After the news of Dad’s homegoing, her teacher friend brought Mom home, still in a state-of-shock, and spent that first night with her. With immediate family living miles away, how grateful we all are that Mom was not alone during those critical first hours.
Creative Support
The needs of a family enduring the loss of a loved one are great, especially during the week of the funeral. Our family still marvels at the creative support of Mom’s school and church family. Perhaps the key to this creativity was selfless sensitivity, the kind we read about in the book of Philippians. Rather than just ask what needed to be done, friends put themselves into Mom’s shoes and just saw what needed to be done—and then did it.
School faculty and staff took the initiative to drive to the airport and back to pick up family members for the funeral. They prepared food, ordered pizza (who says you have to cook?), and brought over paper products needed for meals and the surplus of family guests—plus plenty of tissues to go around! One teacher even used her family airline connections to secure a ticket for my brother-in-law whose work schedule demanded that he travel later than his wife.
Collective Support
In addition to creative individual efforts, school was cancelled for the funeral day, and the teachers sweetly “surprised” Mom by forming a small ensemble to sing a song that focused on the comfort found in Jesus.
Also, the elementary grades, filled with Mom’s current and former students, and under the leadership of their teachers, were video-taped singing a special song about the gospel to be shown at the funeral. We found comfort in knowing that those at the funeral who didn’t know the saving love of Christ were able to see it so clearly in not only that video presentation but also the entire funeral.
Classroom Support
After the funeral week, the school principal approached Mom’s transition back to school with remarkable sensitivity and insight. She arranged for a substitute teacher for the funeral week and two weeks following, slowly easing Mom back into the classroom.

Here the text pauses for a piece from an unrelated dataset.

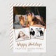 Tarjeta de foto personalizada de vacaciones elegante y linda con collage de fotos - inserte tres de sus fotos favoritas de vacaciones familiares o de mascotas en la plantilla. El texto Felices Fiestas está en una fuente moderna y trendy - personalice el texto. Desee felices fiestas - Navidad y Año Nuevo - a sus amigos y familiares.

The first week after the funeral, Mom visited her class at the end of one day to visit and to thank them for praying, saying that she was looking forward to being back with them soon.
The second week following, Mom was back in the classroom, but not in teaching mode. She used the time to visit with each student one-on-one to gauge progress and then to work ahead in her lesson plans and catch up on paperwork.
By the third week, Mom took the teaching reins again, but with the understanding that if she felt the need to leave, she could. This approach worked well for both teacher and students.
Continuing Support
The prayer support didn’t end with the funeral. Answers to prayers continued through the first snow when a teacher and his son weathered the icy roads and picked Mom up for school. And at Christmas-time, a parent even gave Mom a special Christmas ornament that acknowledged our remembrance of Dad.
When Valentine’s Day came around, Mom found herself at the dinner table of a young couple whose child was in her class. This couple was sensitive enough to also invite another woman about my mom’s age who had also lost her husband. These two discovered much they had in common, and Mom later said how much she enjoyed that evening.
Those who took the time to send sympathy cards may not realize it, but that seemingly small gesture gave us all an enduring sense of being prayed for and cared for. The most smiles I saw on Mom’s face occurred when she was sitting at the dining room table, going through her stack of cards and at times, reading them aloud to those around her. Don’t hesitate to send cards, even though they may be “late. The most encouraging card I received came about three weeks later. The writer simply said that she knew I was still grieving and that she was still praying. The timing couldn’t have been more perfect.
Christ-like Support
Our family still marvels at and derives comfort from the Christian love we were shown during this difficult time. We are eternally grateful for this close-knit church and school family and have a better understanding of Paul’s message to us in Philippians 1:1–4.
Consolation, comfort, fellowship, mercy—these words of Scripture come to life when a church and school family take the time to look away from their own individual interests in order to focus “on the things of others.”